CircleCI builds & publishes Docker images

CircleCI stops at Docker Hub. It has no access to production and it has no knowledge of any credentials used in production. We draw great confidence from this separation. The CI is in no way coupled to where changelog.com runs. Any image that gets published to our Docker Hub repository is a valid production candidate.

For every commit to master, this CircleCI pipeline will resolve dependencies, run tests, generate static assets & publish to Docker Hub. If any step fails, the changelog.com Docker image won't be updated.

Docker service manages app lifecycle

The component that updates changelog.com is docker service update running in a loop. Docker manages the entire app update lifecycle. This includes promotion to live when the new instance becomes healthy. The running version is not stopped until the new version proves itself healthy. Since rollback involves instant routing updates in the Docker networking layer, a bad deploy is at most a few failed web requests.

Rollbar tracks app deploys and errors

When a new changelog.com app instance starts, it notifies Rollbar of a new deploy. If the new app instance fails to deploy, the healthy one remains running. The new version will enter a loop of start, notify Rollbar, then stop. Because all deploys show up in our #dev Slack channel, we have the visibility and incentive to fix bad deploys. With end-to-end automation, it’s as easy as committing and pushing to master.

Application errors and deploys are tracked by Rollbar.
Seeing the real-time impact that deployed code commits have on specific errors is most useful.

Netdata for real-time system metrics

Netdata enables real-time system metrics with a per second resolution. The level of visibility that we get from this open-source product is second to none. If you are curious to see what changelog.com system metrics look like in real-time, check out netdata.changelog.com

Netdata makes real-time system metrics too easy

Papetrail manages all logs

Logs get aggregated and forwarded to Papertrail. It’s a service that we have used for many years and still find invaluable, especially when things go wrong. Loki from Grafana Labs is intriguing, we plan to explore it in the next release.

Monitored by Pingdom

Pingdom reports all changelog.com downtime via e-mail and in our #sre Slack channel. Some users appreciate our brief comments on service outage notifications. If you are curious, uptime & response times are available at status.changelog.com

changelog.com setup is declarative & idempotent

There are no infrastructure operators at changelog.com: developers are operators.

The app repository vendors all infrastructure configuration and tooling. A Makefile captures everything required to run and manage changelog.com. Anyone on the team can run make iaas and converge the entire infrastructure. All automation is declarative and idempotent, there is no risk of unexpected side-effects.

You can learn about the changelog.com make targets - some are very good! - by running make in the cloned repository. The output lists all public targets with aliases and short descriptions. To find private make targets and other goodies, browse the Makefile

The new Linode Terraform provider that Marques contributed makes it easy to manage our entire Linode setup. For DNS, we use the DNSimple Terraform provider. A Docker Stack captures all services that make up changelog.com.

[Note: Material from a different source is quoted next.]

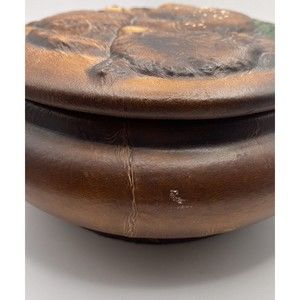 Tannereye Leathered Covered Box Bears on Lid Used item There is discoloration on the lid as well as on the sides
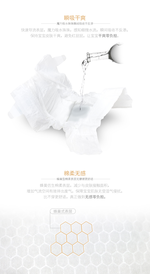無(wú)紡布面料:精選極致柔軟穿孔無(wú)紡布面料,清爽透氣,質(zhì)地輕柔,有效吸收尿液和稀便,給寶寶zui大限度的柔軟體驗(yàn)。

A local stack variant enables everyone on the team to run an exact replica of production on their machine. LastPass acts as the single source of truth for credentials. In production, credentials are exposed as Docker secrets only, no environment variables.

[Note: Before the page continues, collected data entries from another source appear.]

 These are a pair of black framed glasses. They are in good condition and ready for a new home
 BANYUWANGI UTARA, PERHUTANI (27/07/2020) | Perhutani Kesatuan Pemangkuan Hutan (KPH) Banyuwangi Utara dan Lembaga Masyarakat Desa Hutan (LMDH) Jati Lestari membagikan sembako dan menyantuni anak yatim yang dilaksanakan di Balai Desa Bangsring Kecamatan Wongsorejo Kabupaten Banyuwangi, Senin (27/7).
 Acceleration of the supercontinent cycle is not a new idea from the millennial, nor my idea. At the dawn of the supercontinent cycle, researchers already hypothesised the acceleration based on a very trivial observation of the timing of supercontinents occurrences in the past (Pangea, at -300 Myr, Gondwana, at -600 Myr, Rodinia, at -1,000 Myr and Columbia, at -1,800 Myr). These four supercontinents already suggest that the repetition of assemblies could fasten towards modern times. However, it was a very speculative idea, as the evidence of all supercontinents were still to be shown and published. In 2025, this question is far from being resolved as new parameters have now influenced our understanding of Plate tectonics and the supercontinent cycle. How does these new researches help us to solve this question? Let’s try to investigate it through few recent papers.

The single most important take-away is that changelog.com setup is declarative and idempotent. Control loops are constantly converging on the desired state. CircleCI ensures that all commits to master result in a production-ready Docker image. The App Updater ensures that the latest Docker image is running in production. The Docker daemon ensures that all services are present and healthy. If everything is in the desired state, nothing needs to happen. If a layer deviates from what is expected, control loops will reconcile any differences.

Our team does not manage infrastructure or CI, our partners do.
They are excellent at it!

The new changelog.com setup for 2019 enables anyone to contribute in a few commands. Clone the repository and run make contrib to start a development version of changelog.com. Pull request #246 has all the context.

The future changelog.com

As amazing as the new changelog.com is, we know that it can be better. In no specific order, some of the things that we have on our radar for 2020:

Kubernetes managed

When we started using the new Linode tooling, provisioning a Kubernetes cluster was not as easy as it is today. Jumping from the setup that we ran since 2016 to Kubernetes was too big of a step. We had to find a middle-ground that captured most benefits without being too disruptive to the way we did things. Focusing on what mattered to the business was the strongest reason to defer the Kubernetes dream for one more release. With all learnings gained from this round of improvements, it was definitely the right decision.

Metrics via Prometheus & Grafana

Netdata is great for real-time system metrics, but Prometheus is best for long-term & business metrics. Add alerting and Grafana visualisation and we have the perfect way of tracking all metrics that matter to us. The plan is to aggregate all metrics in Prometheus and display them via purpose-built Grafana dashboards.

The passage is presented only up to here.